The Enterprise Development Center has observed local businesses are not winning service contracts from International oil companies due to inadequate and inappropriate environmental health and safety measures.
The development comes in the wake of implementation of local content law which compels multi-national oil companies to reserve some service areas for indigenous businesses.
Project Coordinator, Gamely Kumasi, says little progress has been made because most businesses are unwilling to cooperate.
“Most of them don’t have the right capacity to compete for contracts with the IOCs. They must recognize that they have to overcome some of their deficiencies”. Mr. Kumasi has said.
After five years of oil production, only a few local businesses have won contracts because many fall short of set standards.
Most local companies are unable to win contracts because they fall short on environmental health safety policy, standards and procedures, among others.

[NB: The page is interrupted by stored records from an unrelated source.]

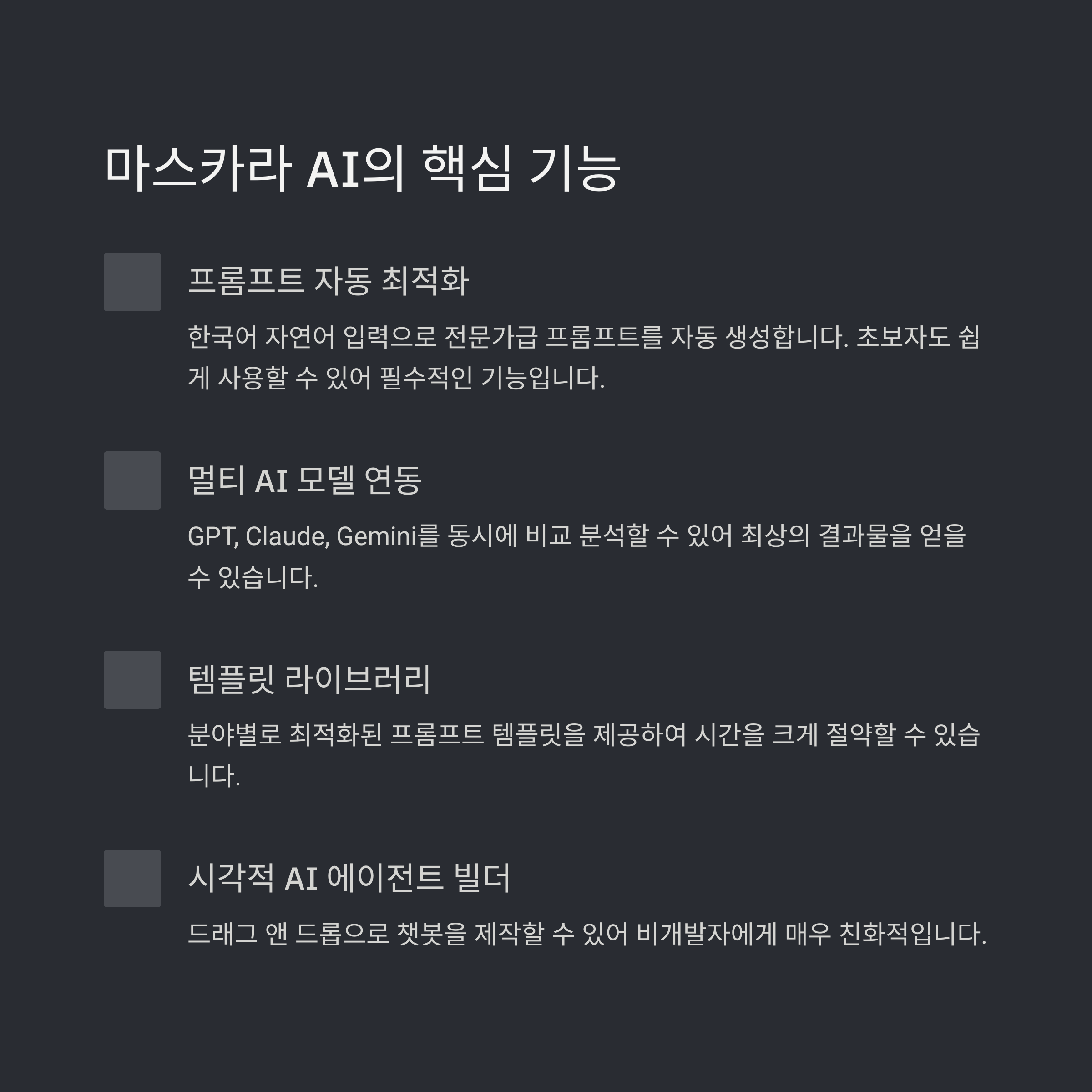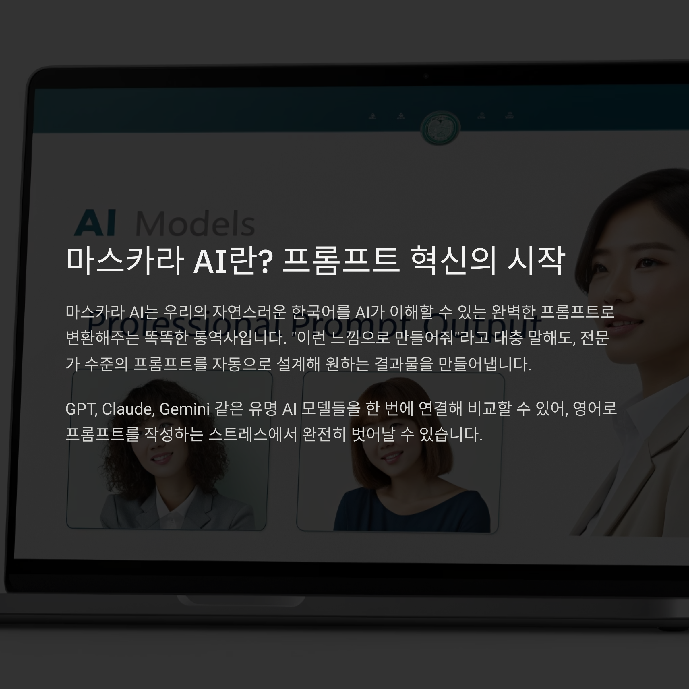 마스카라 AI는 쉽게 말해서 우리의 말을 AI가 이해할 수 있는 완벽한 언어로 번역해주는 똑똑한 통역사 같은 존재예요. "이런 느낌으로 만들어줘"라고 대충 말해도, AI가 알아서 전문가 수준의 프롬프트를 설계해서 원하는 결과물을 뚝딱 만들어내죠. 더 놀라운 건 GPT, Claude, Gemini 같은 유명한 AI 모델들을 한 번에 연결해서 비교해볼 수 있다는 점이에요.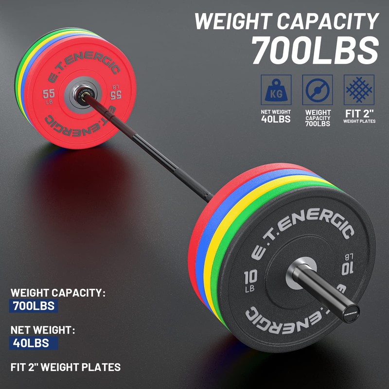 E.T.ENERGIC 7ft Olympic Barbell Bar 40lbs Black Hard Chrome, Sleeves for 2" Olympic Plates(700-lbs Capacity), for Weightlifting, Powerlifting, Gym Home Exercises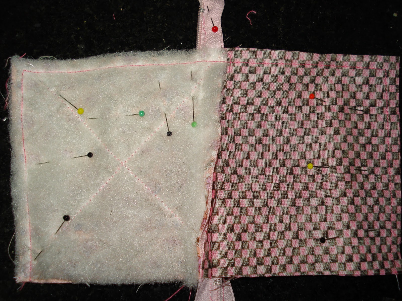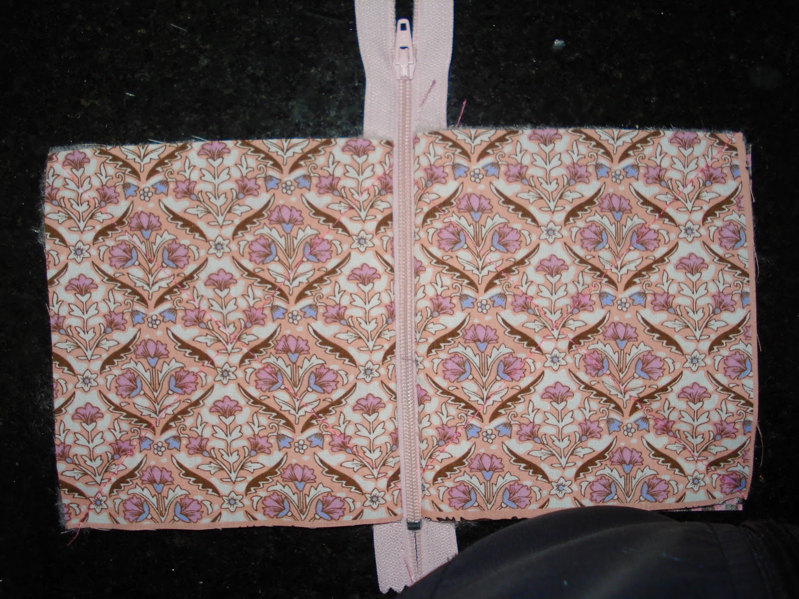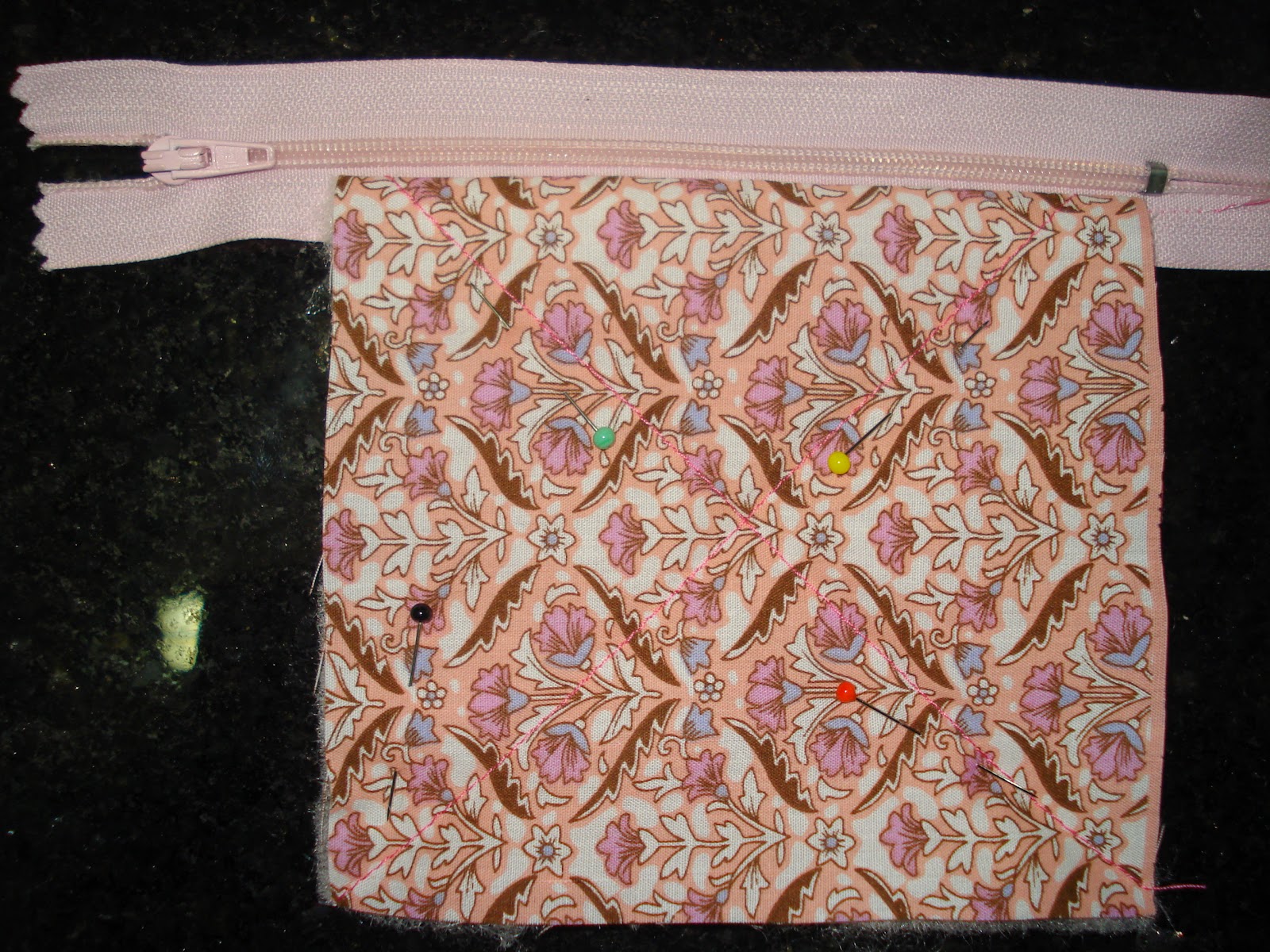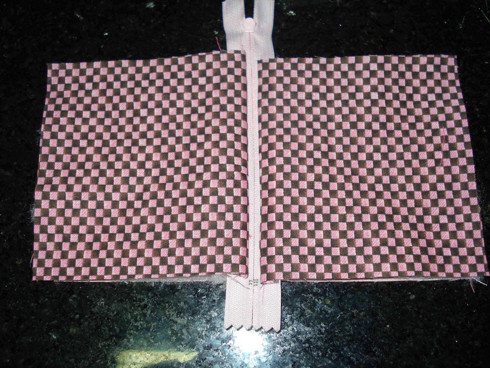 2. Fixar o quadrado de tecido 1 e o forro de tecido 2 ao zíper.

“The International Oil Companies want to know who is in charge of EHS and who does he report to and what goes into it”, says Mr. Kumasi.
The LI 2204 defines services that can exclusively be performed by local companies as part of the local content promotion.

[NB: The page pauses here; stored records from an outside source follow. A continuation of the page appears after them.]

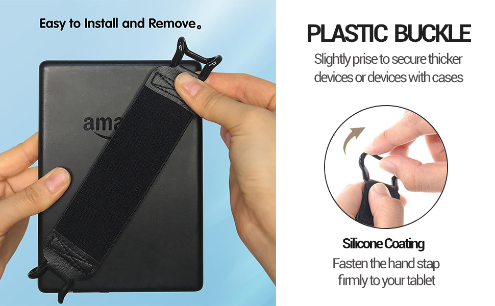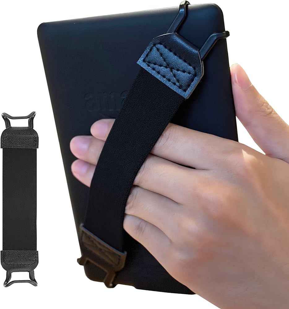 حزام يد آمن للكمبيوتر اللوحي Kindle eReaders Fire مقاس 6-8 بوصات - Kindle/Kobo/Voyaga/Lenovo/Sony Kindle E-Book Tablet، حزام يد متعدد الاستخدامات عالي المرونة وخفيف الوزن وحامل قبضة إصبع، أسود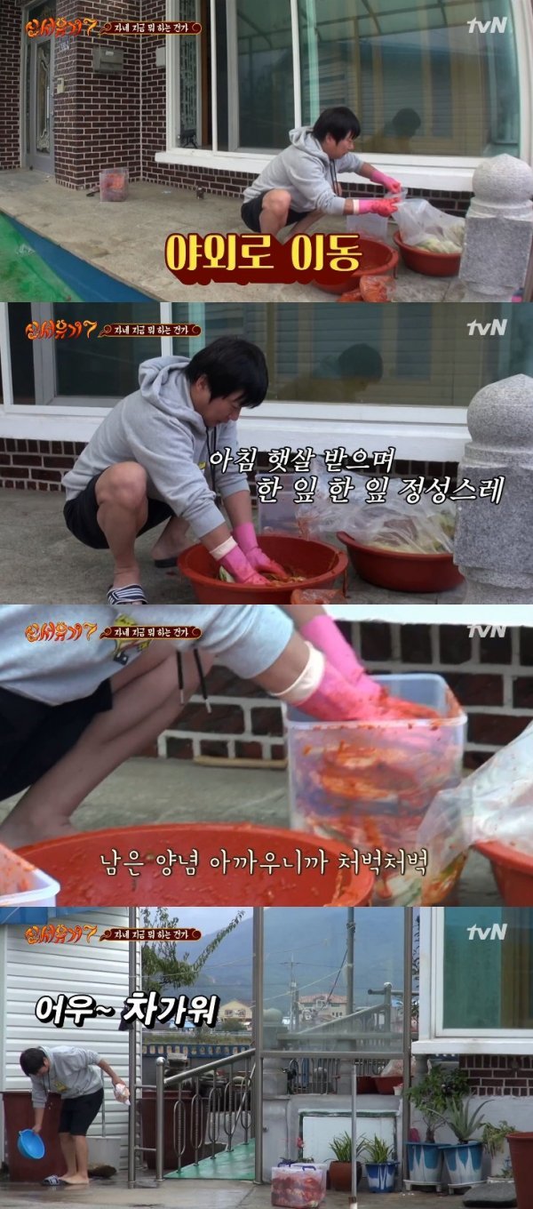 22일 방송된 tvN 예능프로그램 \'신서유기7\'에서는 김장 미션에 성공하기 위해 아침 이른 시간부터 김장에 나선 이수근의 모습이 그려졌다.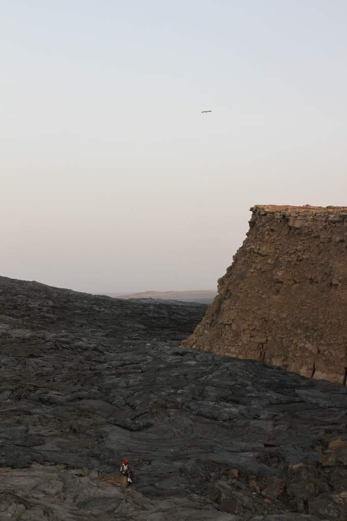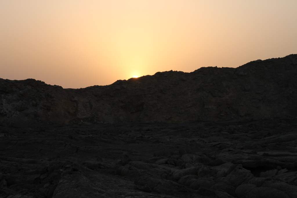 Mais, pas le temps de niaiser, notre journée d’aventures est loin d’être terminée et il est temps de se rendre au volcan Erta Ale, deuxième lieu phare de notre séjour dans la région Afar. Quelques heures de voiture plus tard, on se dégourdi les jambes avec joie. Une sorte de bourdonnement se fait entendre en continu alors que nous arrivons sur notre lieu de campement : c’est celui du volcan en éruption qui ne nous attend pas pour cracher son pesant de soufre et son pesant de lave ! Une vision incroyable qui nous subjugue, nous impressionne, autant qu’elle nous effraie alors que nous voyons la lave exploser à vitesse grand V à seulement quelques mètres de nous. L’odeur de soufre est très forte et nous sommes obligés de nous couvrir le visage dans certaines zones en fonction du vent. Le champ de lave séché sur lequel on se déplace date seulement de quelques semaines et est très fragile : après avoir failli perdre notre guide dans un trou, nous avons compris que si nous voulons survivre à cette journée il valait mieux que nous suivions le chemin marqué par quelques cailloux qu’un autre guide avait créé pour son groupe (des Français fans de volcans bien sûr…). Je reste personnellement quand même à distance car je trouverais ça vraiment bête de mourir à cause d’une goutte de lave qui me tombe sur la tête mais les autres, plus téméraires, s’approchent. Et, avec la nuit qui tombe, le spectacle devient de plus en plus dingue ! Honnêtement c’était assez lunaire de se trouver là, surtout avec cette concentration de Français venus tout spécialement en Éthiopie pour voir ce volcan !
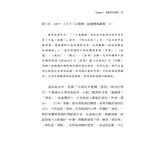 崑劇、南管戲、北管戲、京劇、歌仔戲……這些傳統戲曲有什麼特殊符碼?所謂的生、旦、淨、末、丑隱藏什麼人生智慧與特殊視角?數位戲曲專家以淺顯易懂、幽默機趣的方式,搭配一禎禎美麗的劇照,帶領讀者進入戲曲的世界,一窺粉墨下的真實面容。
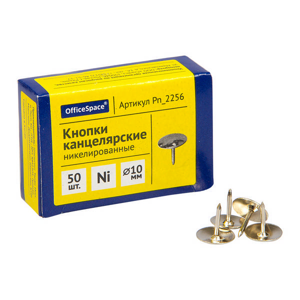 Кнопки канцелярские 10мм никелированные, в карт.уп. (50шт) Pn__2256 OfficeSpace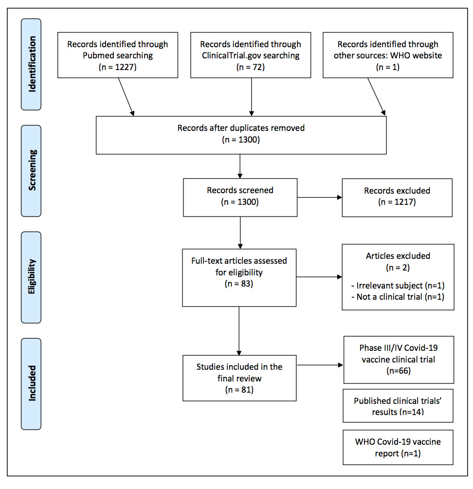 A review of the scientific literature was conducted with the aim to study the therapeutic trials of vaccines against the coronavirus disease 2019 (COVID-19). To this end, as of January 24, 2021 a search for articles published on PubMed using the Mesh word “COVID-19 Vaccine”, as well as a search for protocols registered on ClinicalTrials.gov by combining the words “COVID-19”, “SARS-CoV-2” and “Vaccine” was made. The published WHO reports on candidate COVID-19 vaccines were reviewed. At first, citations that were not in French or in English and not a clinical trial or randomized controlled trial were excluded. Then, those with irrelevant information or subject and studies with focus other than COVID-19 vaccine development or clinical trial were excluded. For registered protocols, those in relation with drugs were excluded.

But if these companies do not meet the quality standards, the IOCs could make a case to the petroleum commission.
Mr. Kumasi wants local businesses to form joint-ventures to be able to benefit.
“There is the need for businesses to form business associations and partnerships because where you don’t have the resources and personnel, you could identify a partner, come together and be resourced enough to be positioned competitively to submit very good proposals”. He said.
The Minister for Petroleum, Emmanuel Kofi Boah is challenging suggestions that the benchmark is discouraging local businesses.
According to him, local companies must abide by the provisions in the law.